For each time period, the most recent and comprehensive set of diagnostic criteria according to the ESC guidelines from 2008 was used.8 Specific types of cardiomyopathy such as restrictive, arrhythmogenic right ventricular, left ventricular non‐compaction, and takotsubo cardiomyopathies were also defined according to the ESC classification from 2008.8 Validation of the cardiomyopathy diagnoses was categorized as definite, uncertain, or miscoded. The validation was made independently by two physicians, and in questionable cases, two other highly experienced cardiologists studied the records separately, after which a final decision was made.
A diagnosis was defined as definite if the ESC diagnostic criteria from 20088 were fulfilled. If not all criteria were fulfilled, such as in patients with HCM and underlying untreated or poorly controlled hypertension or DCM and a prior myocardial infarction with secondary HF, the diagnoses were defined as miscoded. In some cases, medical records had insufficient documentation, for example, where an echocardiography had been performed but the complete report was missing. In these cases, the diagnoses were defined as uncertain.
Hypertension was defined as a recorded systolic blood pressure ≥ 140 mmHg, a diastolic blood pressure ≥ 90 mmHg, or both, on at least three occasions, or if blood pressure‐lowering drugs had been prescribed prior to the cardiomyopathy diagnosis. Medical records were also scrutinized for potential impact of insufficiently treated high blood pressure. A concurrent or prior diagnosis of diabetes mellitus or atrial fibrillation was documented. Valvular disease was defined as present if recorded as a primary or contributory diagnosis and if the echocardiography report indicated moderate to severe valvular disease (e.g. in the case of mitral or aortic valve regurgitation, a leakage of at least grade 3 or 4).

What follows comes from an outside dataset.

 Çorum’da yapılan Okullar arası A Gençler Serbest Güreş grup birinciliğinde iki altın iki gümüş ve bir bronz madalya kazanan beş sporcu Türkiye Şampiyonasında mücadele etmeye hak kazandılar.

Coronary artery disease was defined as present if medical records revealed information of previous myocardial infarction or revascularization and if the patient's symptomology, coronary angiography, echocardiography, electrocardiogram, or laboratory reports contained supporting data in accordance with ESC guidelines.15, 16, 17 Data about alcohol and/or drug abuse found in the records were recorded.

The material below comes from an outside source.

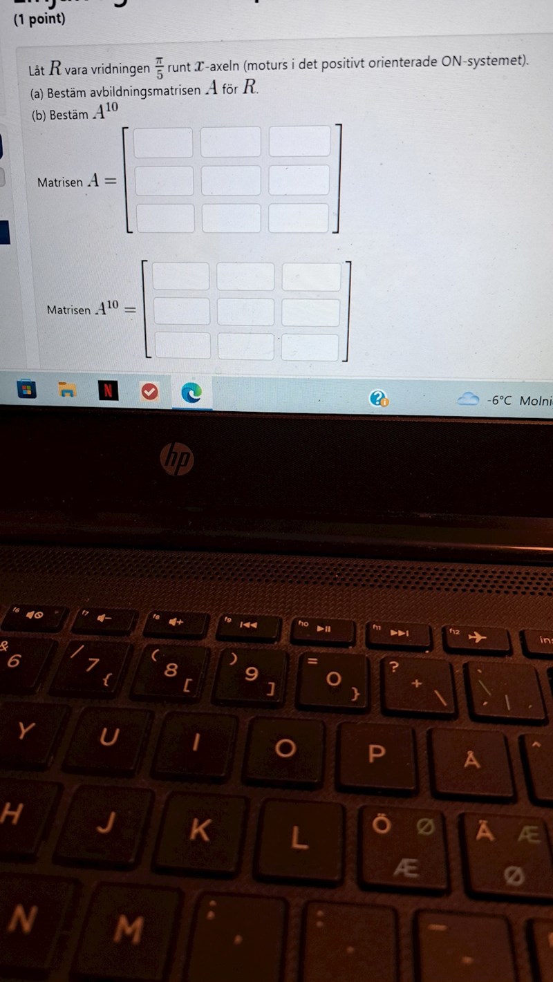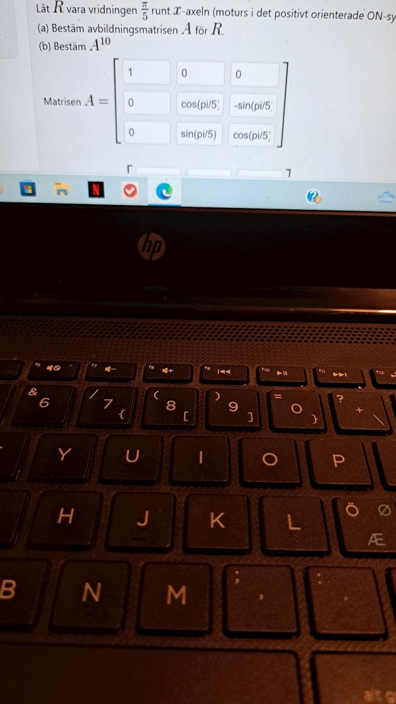Jag förstår ej riktigt vad man menar med pi/5 vridning med x axeln samt hur jag sen ska få ut A^10. Varför är det en 3×3 gånger matris och hur vet man det?

In addition, 20 medical records were randomly selected, and two experienced cardiologists validated the cardiomyopathy diagnoses separately.

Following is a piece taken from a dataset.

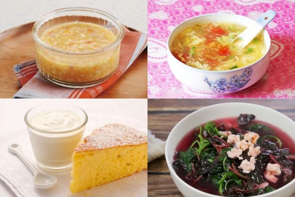 Cho trẻ ăn các món lỏng, mềm như cháo, súp, canh, tránh đồ chiên rán hoặc quá ngọt.

Finally, 20 medical records with a diagnostic code of HF (I50) and no obvious cause (for details see Supporting Information Procedure 1) of cardiomyopathies; ischaemic heart disease; hypertension; aortic, mitral, and tricuspid valve disease; myocarditis; tachycardia, congenital heart disease; thyrotoxicosis and thyroiditis; and diabetes were identified and reviewed for the possible presence of cardiomyopathy, five for each year in 1997, 1999, 2004, and 2009.
Statistical analysis
Descriptive statistics are presented as percentages or mean values with standard deviation (SD). Accuracy rates of diagnosis between different periods and hospitals including the frequency of co‐morbidities were examined using the Pearson χ2 test for categorical variables and Student's t‐test for continuous variables. All P values are two sided, and values <0.05 were considered statistically significant. All statistical analyses were performed using SPSS for Windows version 18.0 (SPSS Inc., Chicago, IL, USA).
Results
A total of 640 patient records with a cardiomyopathy diagnosis were identified for analysis. Twenty‐five records were excluded because of lack of background information, for example, patients with a single short‐term admission living in another part of Sweden and with no further documentation available. Besides, four cases with a working diagnosis of ‘unspecified cardiomyopathy’ were excluded after a diagnostic workup had revealed a different aetiological cause of cardiac dysfunction, and cardiomyopathy as a diagnosis was therefore rejected. Thus, the final population included 611 cases with a recorded diagnosis of cardiomyopathy.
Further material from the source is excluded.